*The task:* When you reach the line with "We are thrilled" in the listing below, write out that line and every one after it exactly, and skip the pictures.

*Supplied material:*
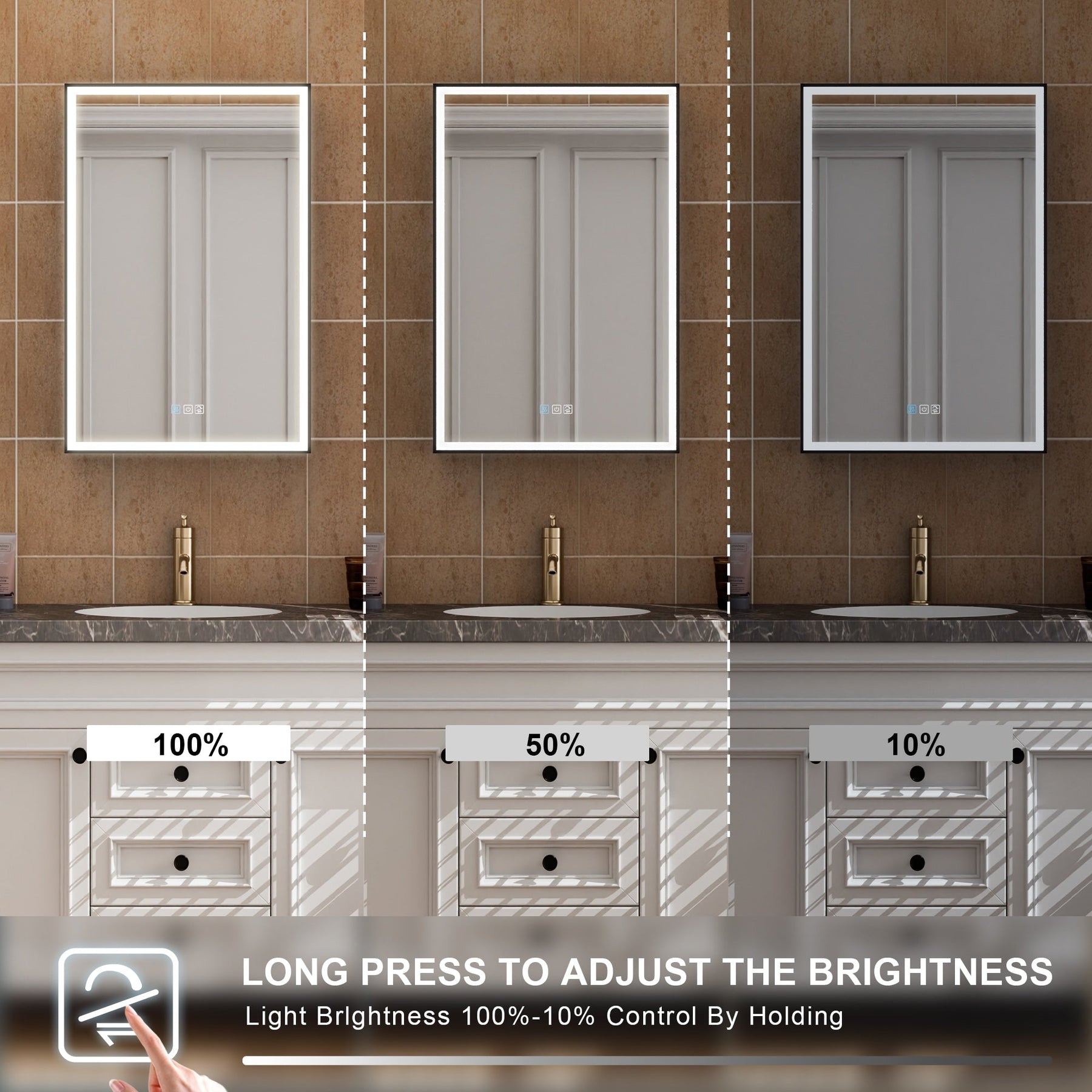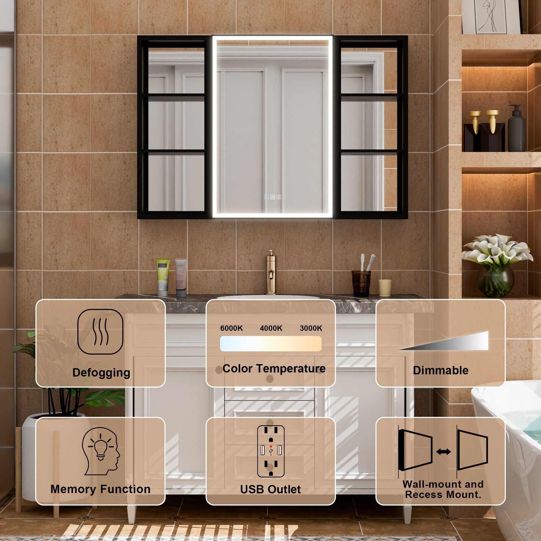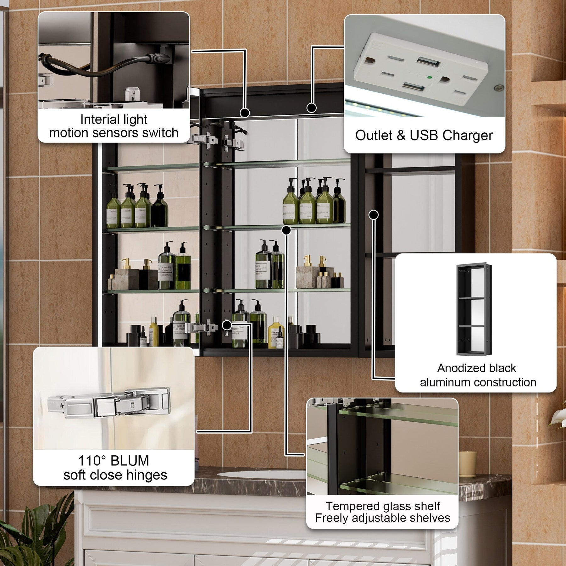 WELLFOR W12 44-in x 30-in Lighted LED Fog Free Surface/Recessed Mount Anodized Black Aluminum Mirrored Soft Close Medicine Cabinet with Outlet
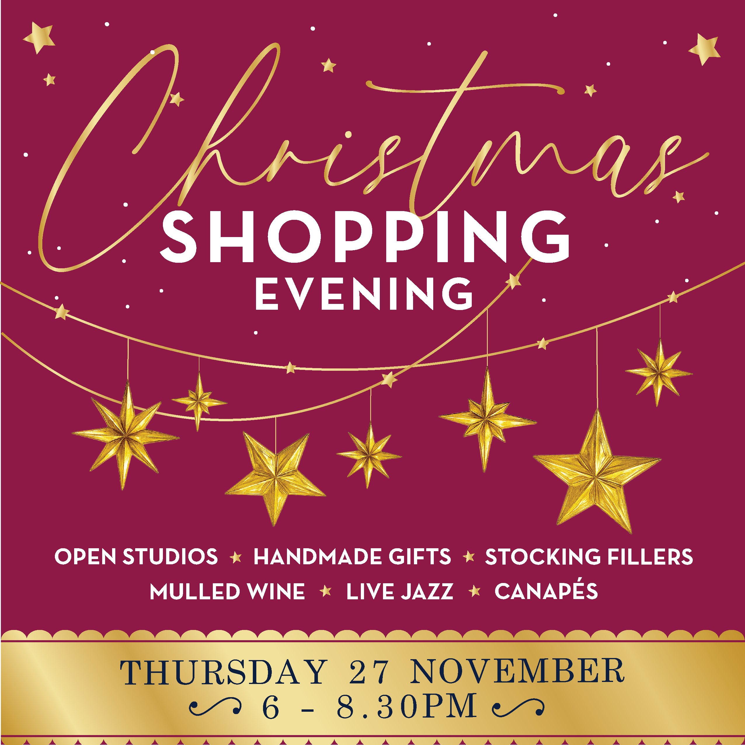 We are thrilled to be able to have our Christmas Shopping Evening again this year. Come and join us on Friday 26th November between 6-8pm to enjoy a festive shopping experience. There will be a complimentary glass of mulled wine on arrival, live music from local musician Luke Futcher and 10% off* purchases on the night. Take in the atmostphere and browse for beautiful gifts from our Gallery Shop, Studios and Christmas exhibition.
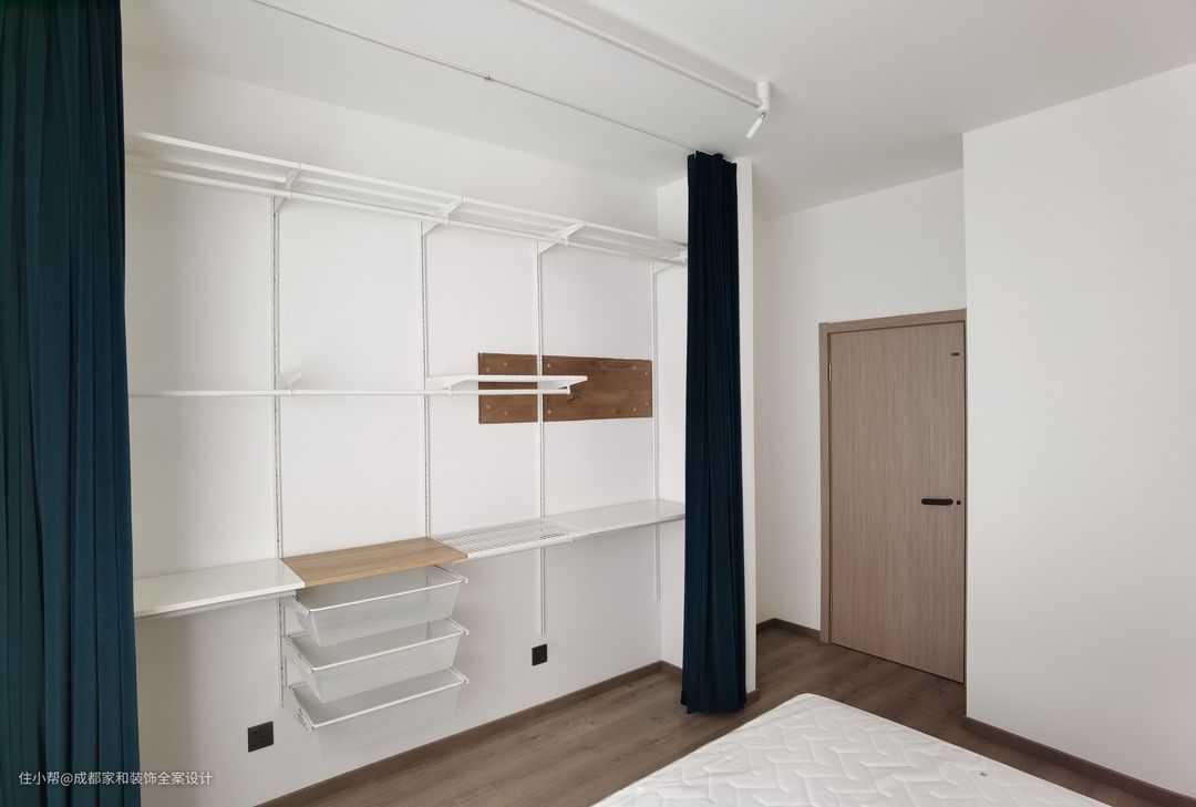 如果想要特别一点的设计,还可以将悬空衣柜作为隔断使用,保持通透的同时,又能增加空间设计感。
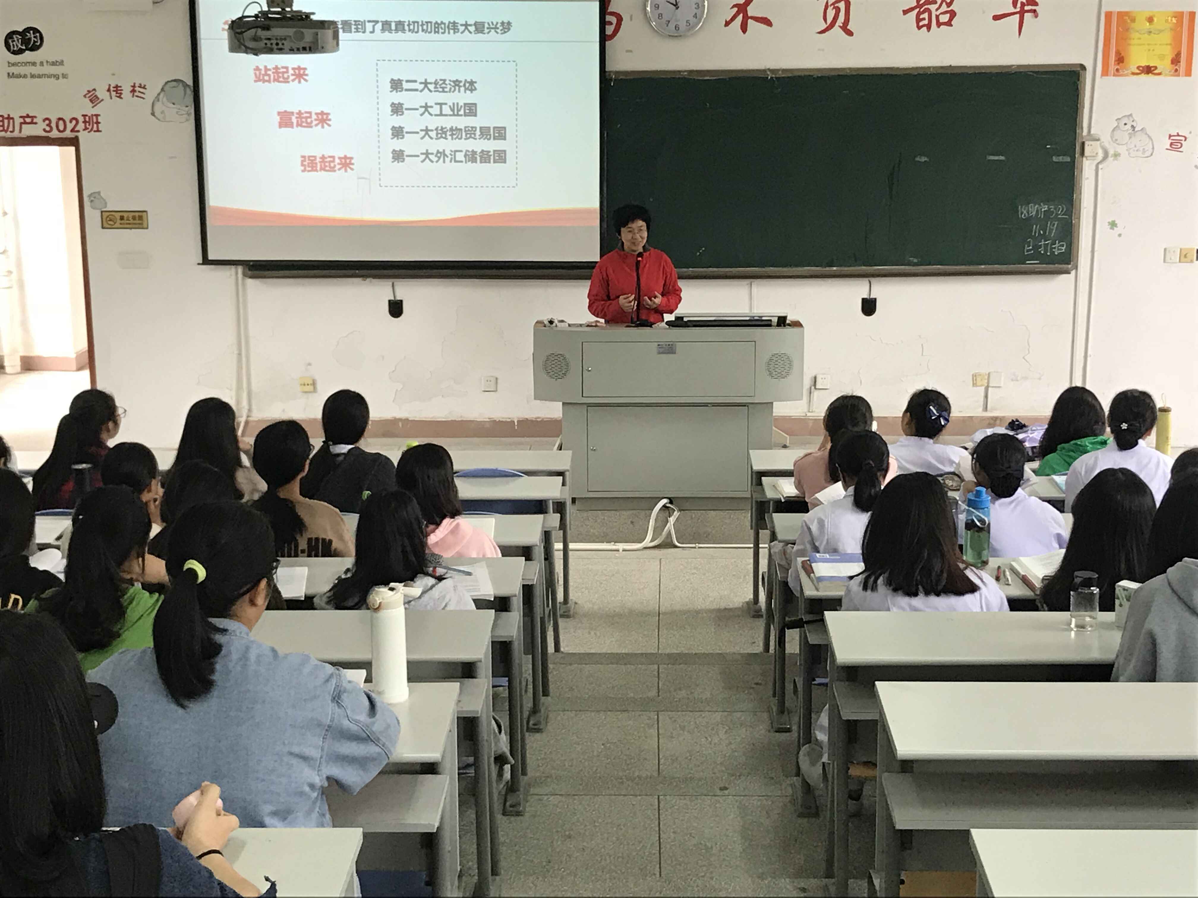謝濤書(shū)記圍繞改革開(kāi)放40周年,從“改革開(kāi)放40年的輝煌成就”、“正確看待我國(guó)的綜合國(guó)力”、以及“勇?lián)率姑V寫(xiě)新篇章”三個(gè)方面進(jìn)行講解。首先,她從人民的獲得感、民族的復(fù)興夢(mèng)以及人類(lèi)的進(jìn)步路三個(gè)方面,歷數(shù)了改革開(kāi)放40年來(lái)的輝煌成就;其次,從經(jīng)濟(jì)的高速發(fā)展、科學(xué)技術(shù)的進(jìn)步以及核心制造領(lǐng)域的缺失,引導(dǎo)同學(xué)們正確看待我們的綜合國(guó)力;最后,她指出,同學(xué)們是同新時(shí)代共同前進(jìn)的一代,既生逢其時(shí),也重任在肩。她呼吁同學(xué)們要立志成為擔(dān)當(dāng)民族復(fù)興大任的時(shí)代新人。

*Problem solution:*
 We are thrilled to be able to have our Christmas Shopping Evening again this year. Come and join us on Friday 26th November between 6-8pm to enjoy a festive shopping experience. There will be a complimentary glass of mulled wine on arrival, live music from local musician Luke Futcher and 10% off* purchases on the night. Take in the atmostphere and browse for beautiful gifts from our Gallery Shop, Studios and Christmas exhibition.
 如果想要特别一点的设计,还可以将悬空衣柜作为隔断使用,保持通透的同时,又能增加空间设计感。
謝濤書(shū)記圍繞改革開(kāi)放40周年,從“改革開(kāi)放40年的輝煌成就”、“正確看待我國(guó)的綜合國(guó)力”、以及“勇?lián)率姑V寫(xiě)新篇章”三個(gè)方面進(jìn)行講解。首先,她從人民的獲得感、民族的復(fù)興夢(mèng)以及人類(lèi)的進(jìn)步路三個(gè)方面,歷數(shù)了改革開(kāi)放40年來(lái)的輝煌成就;其次,從經(jīng)濟(jì)的高速發(fā)展、科學(xué)技術(shù)的進(jìn)步以及核心制造領(lǐng)域的缺失,引導(dǎo)同學(xué)們正確看待我們的綜合國(guó)力;最后,她指出,同學(xué)們是同新時(shí)代共同前進(jìn)的一代,既生逢其時(shí),也重任在肩。她呼吁同學(xué)們要立志成為擔(dān)當(dāng)民族復(fù)興大任的時(shí)代新人。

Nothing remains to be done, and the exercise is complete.